Autologous transfusion

Autologous transfusion in which own blood is being accepted, i.e., in which donor and receiver are the same person, has a number of advantages over allogeneic transfusion, in which a receiver is given someone else's blood. Risk of transmitting contagious diseases is eliminated. Also, shortage of blood supply is one of the reasons for the autologous transfusion. Medical advantages of autologous transfusion are ratio legis, due to which this method has the legal priority over allogeneic transfusion. An acting physician has a legal obligation to inform a patient about the possibility of autologous transfusion. The WTS has a different standing on autologous transfusion in comparison to allogeneic transfusion.

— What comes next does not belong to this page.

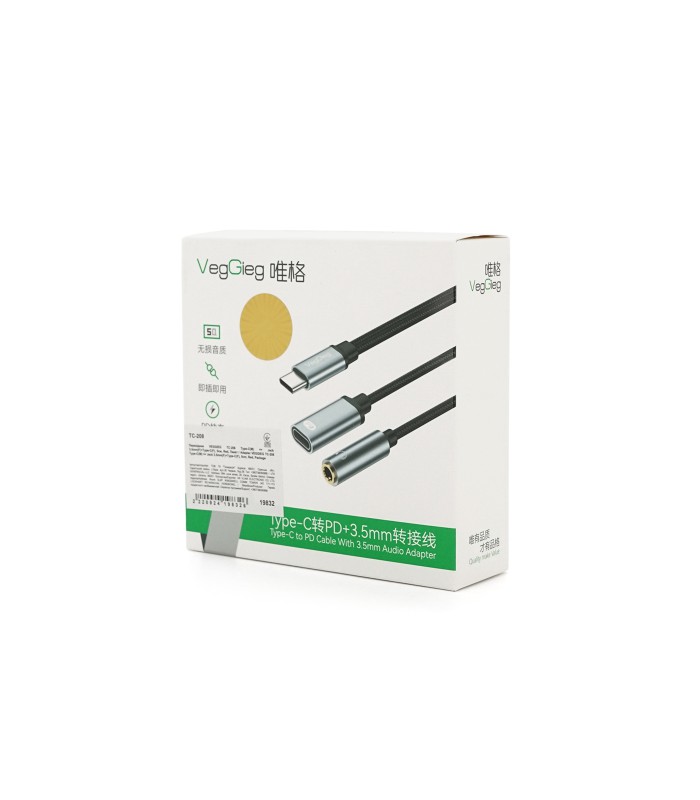 - Тип разъема: Type-C(M) =>, Jack 3.5mm(F)+Type-C(F)
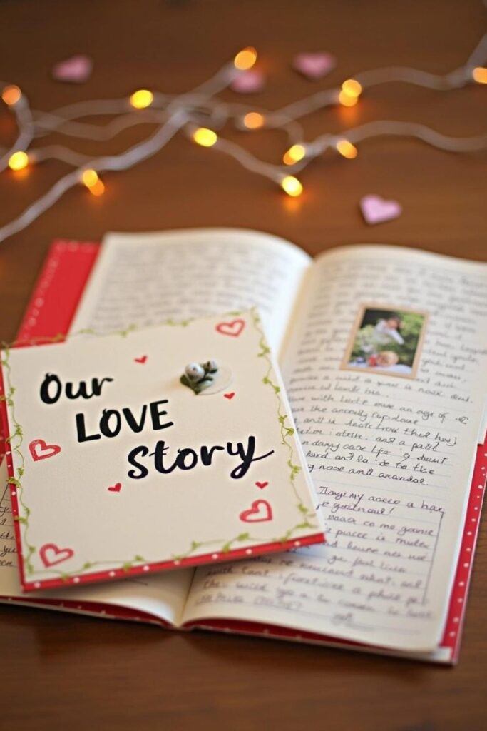 Create a beautiful booklet that tells the story of your relationship, starting from the beginning up to now. Use cardstock or decorative paper to make the pages feel special. Put it together with staples, rings, or ribbons for a finished look.

Accepting someone else's blood, as well as giving own blood for someone else is prohibited. However, transfusion in which the donor and receiver are the same individual may be acceptable for this religious group [12]. The Law does not differentiate between intraoperative blood salvaging and autologous preoperative blood giving that would be used in the perioperative period. The WTS differentiates between autologous transfusion in which the blood is taken (and put back in the body) during the procedure itself and autotransfusion of predeposited blood (blood that was taken before and saved for the operation). Intraoperative blood salvaging is acceptable as per the WTS, if the extracorporeal circulation, circulation of blood outside patient's body, is uninterrupted [48][49]. Therefore, this method can, in an optimal way, resolve the conflict between the patient's right to refuse a medical treatment that is not in accordance with their religious beliefs and the need for him/her to receive an adequate medical treatment.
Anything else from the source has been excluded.